Exploiting dual connectivity in heterogeneous cellular networks

Abstract

We consider network utility maximization problems over heterogeneous cellular networks (HetNets) that permit dual connectivity. Dual connectivity (DC) is a feature that targets emerging practical HetNet deployments that will comprise of non-ideal (higher latency) connections between transmission nodes, and has been recently introduced to the LTE-Advanced standard. DC allows for a user to be simultaneously served by a macro node as well as one other (typically micro or pico) node and requires relatively coarser level coordination among serving nodes. For such a DC enabled HetNet we comprehensively analyze the problem of determining an optimal user association that maximizes the weighted sum rate system utility subject to per-user rate constraints, over all feasible associations. Here, in any feasible association each user can be associated with (i.e., configured to receive data from) any one macro node (in a given set of macro nodes) and any one pico node that lies in the chosen macro node's coverage area.

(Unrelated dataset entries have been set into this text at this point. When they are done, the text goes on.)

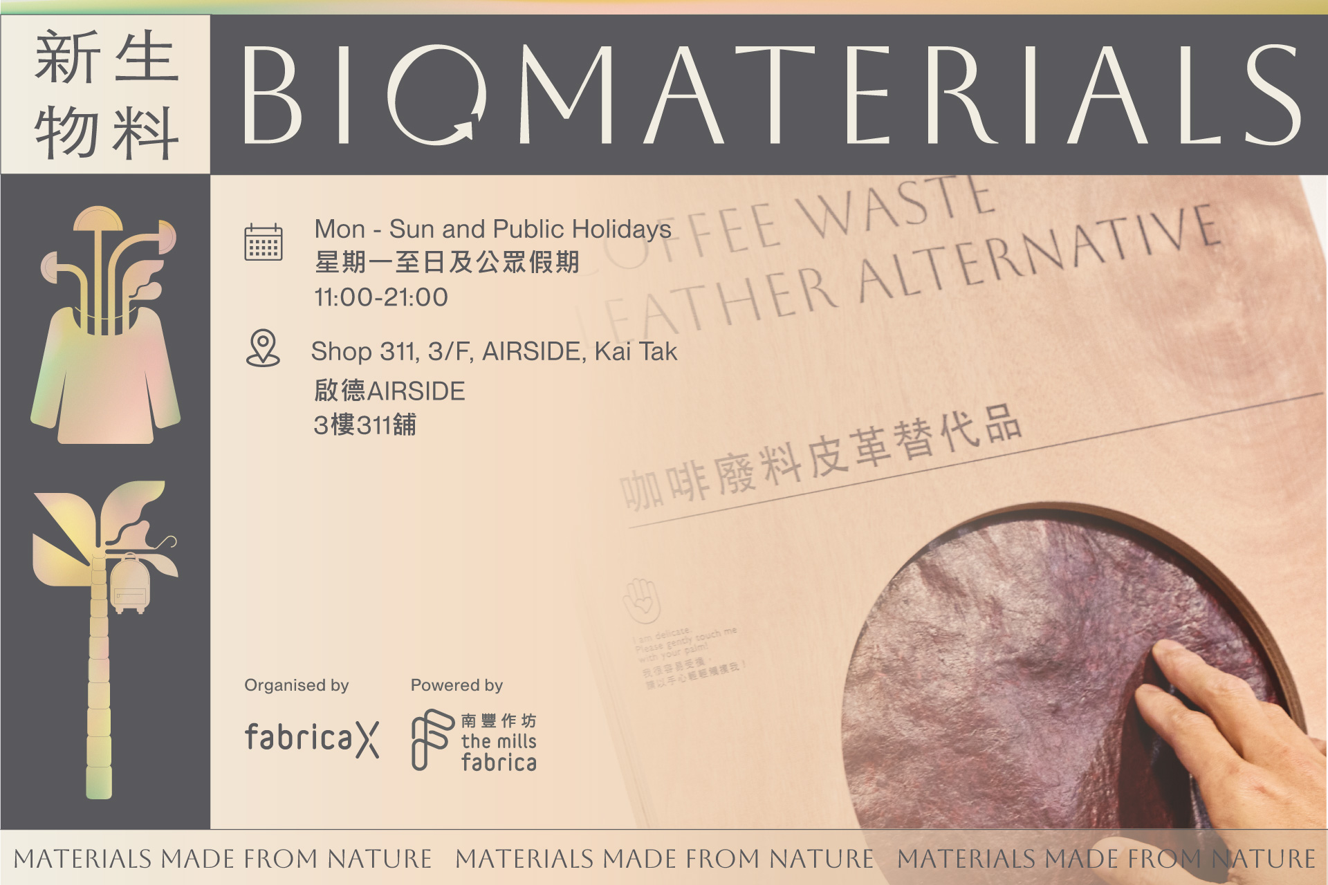 We are relaunching Fabrica X’s signature Biomaterials Exhibition this summer at our AIRSIDE store. Following the successful debut in 2023, this revamped exhibition will run for a limited three-month period, aiming to accelerate the development and promotion of biomaterials while inspiring a transformative shift in public awareness and attitudes toward sustainable materials.
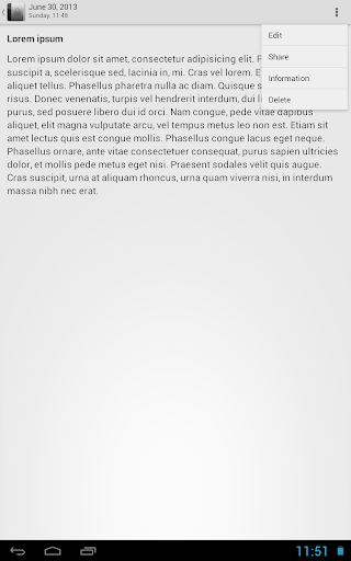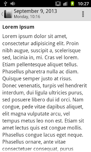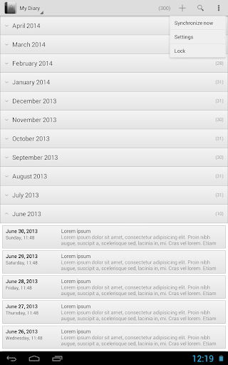 My Diary is an easy-to-use, free app that lets you save and store your own thoughts, memories, secrets, life events or other confidential information and sync them via Google Drive™ between all Android devices you use.
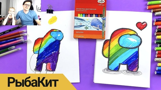 Рисуем АМОНГ АС из радуги фломастерами - просто рисуем Among Us
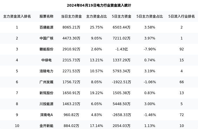 下表为今日行业内流入前10股票的信息
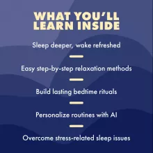 - Chapter 2: Relaxation Techniques That Work – Breathing exercises, progressive muscle relaxation, guided imagery, meditation, and AI-powered sleep tools
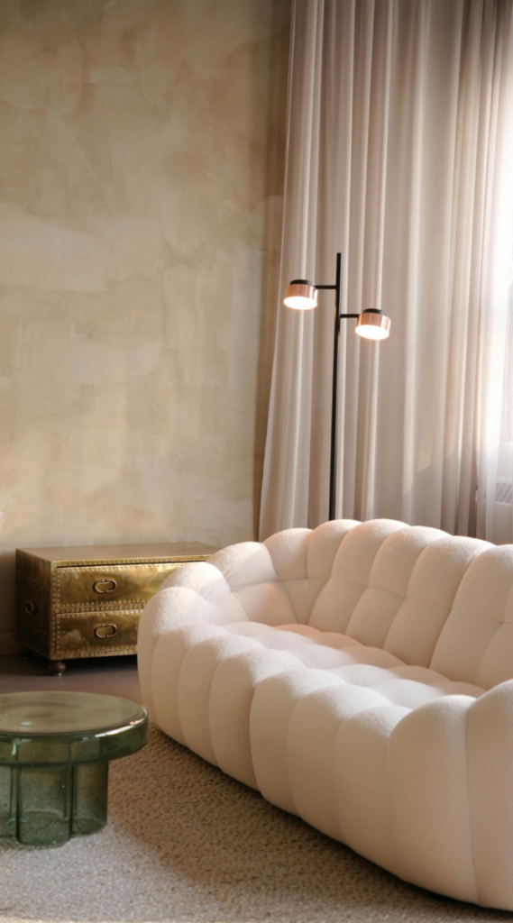 This tufted sofa looks like a cloud, and honestly, I just want to sink right into it! The gold chest and soft lighting give it such a luxe touch, while the green glass table adds a fun, modern twist. It’s minimal but feels so high-end at the same time, I love everything about it.
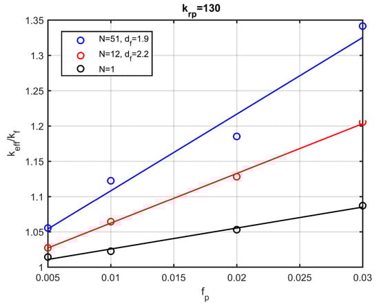 A parametric study of the effect of the fractal dimension and the number of particles in the aggregate is presented next, using the methodology that is developed in the present work. The conductivity of the nanoparticles is chosen to be 130 times greater than that of the base fluid (), which is relevant in several practical nanofluids, like water-Fe, water-CuO, and engine oil-Al2O3. The simulation points are derived from the average of ten simulations with the same characteristics (volume fraction , number of particles per aggregate , fractal dimension ).
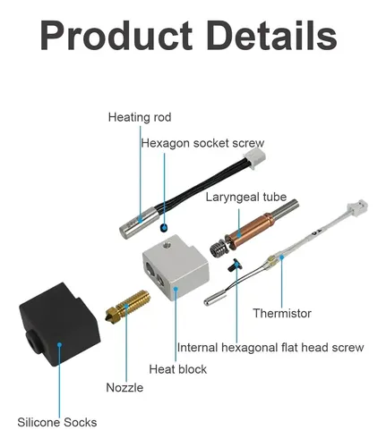 Diseño eficiente: Reduce el riesgo de obstrucciones en la boquilla, mejorando la calidad de impresión y la fiabilidad del extrusor.

We show that, remarkably, this problem can be cast as a non-monotone submodular set function maximization problem, which allows us to construct a constant-factor approximation algorithm. We then consider the proportional fairness (PF) system utility and characterize the PF optimal resource allocation. This enables us to construct an efficient algorithm to determine an association that is optimal up-to an additive constant. We then validate the performance of our algorithms via numerical results.